What you should do - Wherever an image appears in the data, omit it and copy all the remaining text word for word.

Data section -
★ ★ ★ ★

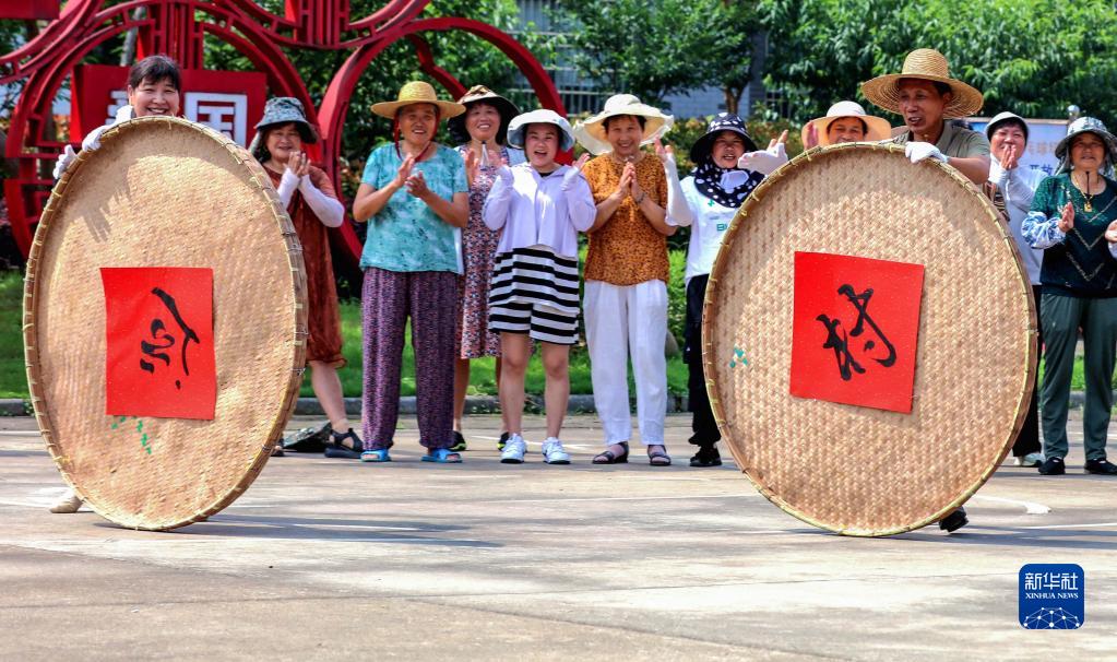 6月21日,在湖州市長(cháng)興縣和平鎮長(cháng)崗村,村民在進(jìn)行滾圓匾比賽。
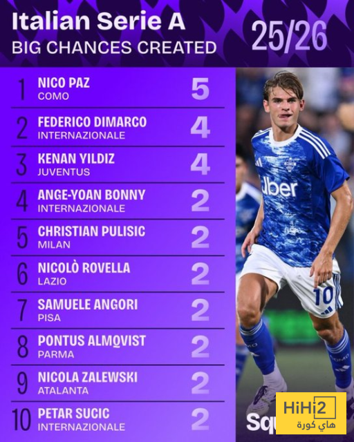 هاي كورة- كشفت شبكة سكواكا عن قائمة بأسماء افضل اللاعبين في صناعة أكبر عدد من الفرص الكبيرة في الدوري الايطالي هذا الموسم حتى الآن.
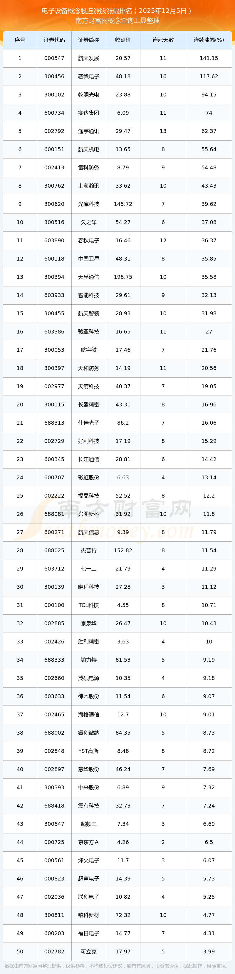 2025年12月5日電子設(shè)備概念股連漲股漲幅排名

★ ★ ★ ★

Solved problem -
 6月21日,在湖州市長(cháng)興縣和平鎮長(cháng)崗村,村民在進(jìn)行滾圓匾比賽。
 هاي كورة- كشفت شبكة سكواكا عن قائمة بأسماء افضل اللاعبين في صناعة أكبر عدد من الفرص الكبيرة في الدوري الايطالي هذا الموسم حتى الآن.
 2025年12月5日電子設(shè)備概念股連漲股漲幅排名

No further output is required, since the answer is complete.